If you've been a reader of my blog then you know a couple things about me. First, I like to try new recipes. Second, I am a firm believer of using what you have at home. Today's recipe was a total experiment on my part. It could have easily bombed. Fortunately, it was delicious! My whole family liked it and it will be added to my regular recipe rotation.
Quinoa is something I haven't cooked before. I hadn't even heard of it until I was pregnant with my 2nd and my crazy preggo hormones wouldn't allow me to eat meat. My doc suggested it as a way to get extra protein in my diet. I've seen some delicious recipes using quinoa, but hadn't tried any. To top it off, the local grocery store sold it for an outrageous price and my regular grocery store was constantly out of it. I finally made a stop at a different locally owned store and bought a box (for a reasonable price) to try at home.
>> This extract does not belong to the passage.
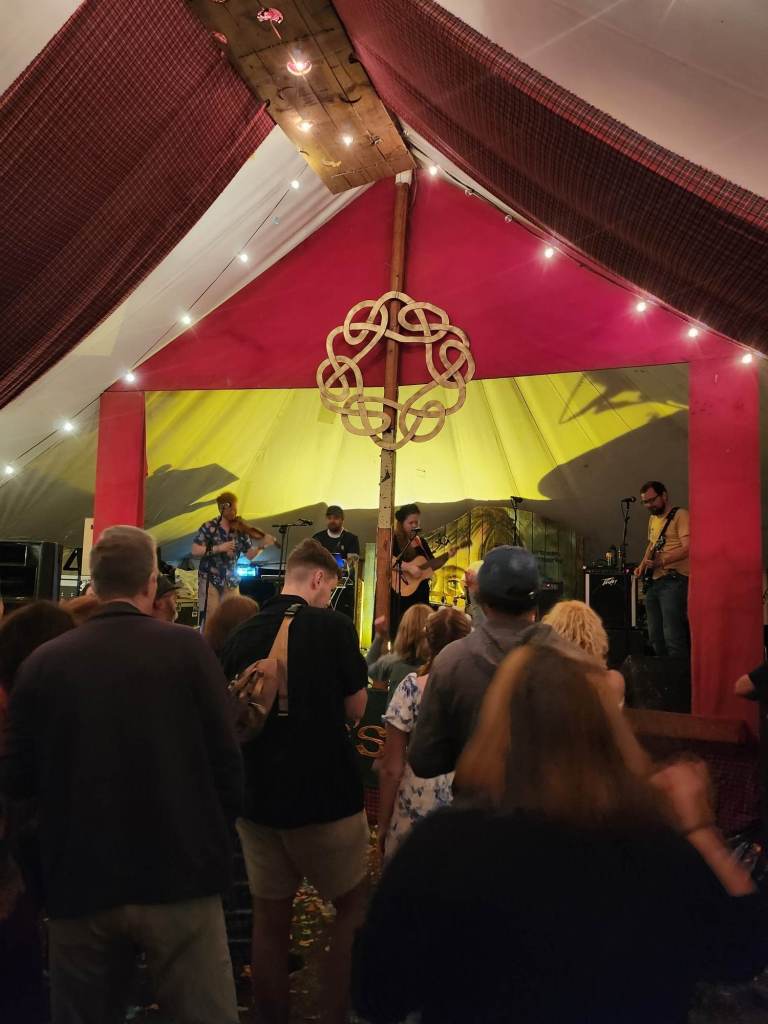 The night sky was clear as a result the temperature dropped quite dramatically as nighttime fell. I was still wearing shorts. Just as I played my first tune, I gets a text from HQ saying put no more wood on the fire and let it die oot. Multi-tasking DJ??? So I got the message out to Ross and Jim, I was looking forward to a roaring fire, but understood why that wasnae going to happen. It was a cold night and a dwindling flame with a massive woodpile was going to be a hard thing to manage. Ross and Jim did a brilliant job. Again I headed to my tent at 4am to alleviate exhaustion. I knew that the Fire Place had to be cordoned off and clear signage put in place.

I wanted to use up some of the veggies I had in my freezer. I got some lovely acorn squash in my Bountiful Basket a while back. We didn't eat all of it, so I peeled and diced what was left and froze it. I thought that would be a nice flavor to add to the quinoa. That's where I started. Here's how it turned out:
Hello deliciousness! Here's my recipe:
1 cup quinoa
2 cups chicken or vegetable stock
1 acorn squash, peeled and cubed
1 yellow onion, chopped
4 cloves garlic, minced
2 nice-sized handfuls of greens, chopped (more on this later)
2 tomatoes, diced
sunflower seeds or pine nuts
other seasoning (more on this to come)
First, heat your oven to 325 degrees. Put the squash in a baking dish, drizzle with olive oil and stir to coat. Season with salt, pepper and other seasoning. I used NoMU Smokey Peri-Peri rub because I LOVE the flavor. The nutty sweetness of the squash with a touch of smokey heat was awesome. I have a local specialty food store that sells it (Check out Olivelle) or you can order on Amazon, too. Roast your squash for 45-60 minutes until soft. The time will depend on how big your cubes are. Turn off the oven and let sit inside to keep warm.
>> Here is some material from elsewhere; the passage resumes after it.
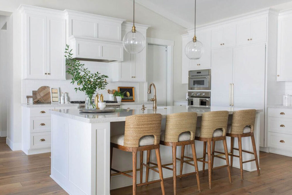 After designing three homes for our growing family, I learned that I love the feel of a bright and airy space, but I also want that space to feel comfortable and cozy. After lots of trial and error (with paint, dark cabinets, bulky and dark furniture), I learned bright/airy and cozy/comfortable can be achieved with the finishing touches—pillows, throws, baskets, paintings and interesting objects. By keeping the overall design neutral, I can layer in these additional textures for a comfortable and inviting space.

When the squash has been in the oven about 30 minutes, start making the quinoa. I recently made some homemade chicken stock that I wanted to use. The flavor is amazing and there's very little sodium and no preservatives. Hooray! Heat the stock until boiling, add the quinoa and cook for 15-20 minutes or until the outside of the grain becomes transparent and you can see the little "seed" in the center of the grain and the liquid is absorbed.
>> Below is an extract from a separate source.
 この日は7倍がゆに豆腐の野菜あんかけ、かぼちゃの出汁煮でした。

As you are making the quinoa, add a little olive oil to a skillet and saute the garlic and onion until soft. Add the greens to wilt them a bit. I happened to use red lettuce, spinach and some swiss chard all from my garden. I liked the variety of the texture and flavors, but again, use what you have! Once the greens are wilted, add the squash and warm through.
Your quinoa should be about done at this time. Combine the veggies and the quinoa in a bowl and mix well. Toss with some freshly shredded parmesan cheese. Serve with diced tomatoes and some sunflower seeds or pine nuts. I would have preferred pine nuts, but we just had the sunflower seeds on hand.
The flavors in this dish were great! I added the fresh tomatoes to keep it lighter for summer. You can use this recipe as a framework to make some changes and create your own dish. Try butternut squash or use a summer squash and zucchini. Try feta or goat cheese for a tangy flavor, or use an aged gouda to increase the nuttiness. Add a jalepeno for some heat and use cilantro for greens. Be creative! Have fun! Bon Appetit!